==== DATA EXTRACT

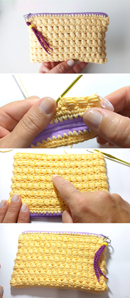 This crochet bag with a zipper is both functional and budget-friendly, requiring less than 50 grams of yarn to create. Perfect for carrying your everyday essentials, it also doubles as a wallet! The addition of a zipper ensures practicality and keeps your coins and small items securely in place.
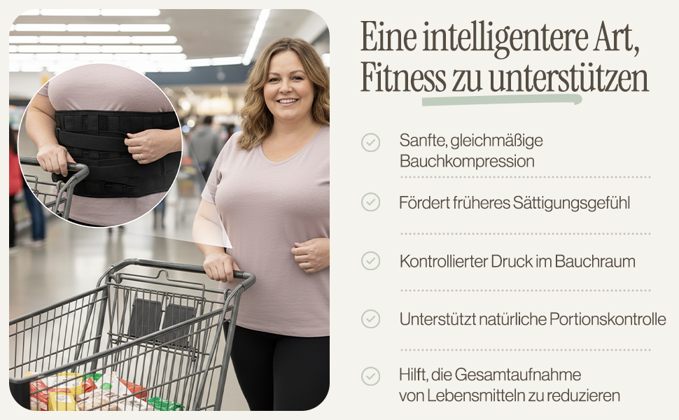 Durch gleichmäßige, ergonomische Kompression im Bauchbereich fördert er ein früheres Sättigungsgefühl und unterstützt die natürliche Reduktion der Nahrungsaufnahme.
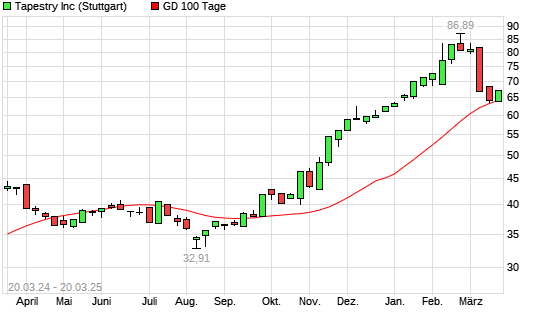 Mit dem Anstieg auf 67,30 EUR hat die Tapestry-Aktie am 19.03.2025 die 100-Tage-Linie nach oben gekreuzt.

========

Your answer must be an exact copy of the lines above, from the line that contains "Durch gleichmäßige, ergonomische" through the final line, with no pictures in it.

#### RESPONSE TO THIS EXERCISE
 Durch gleichmäßige, ergonomische Kompression im Bauchbereich fördert er ein früheres Sättigungsgefühl und unterstützt die natürliche Reduktion der Nahrungsaufnahme.
 Mit dem Anstieg auf 67,30 EUR hat die Tapestry-Aktie am 19.03.2025 die 100-Tage-Linie nach oben gekreuzt.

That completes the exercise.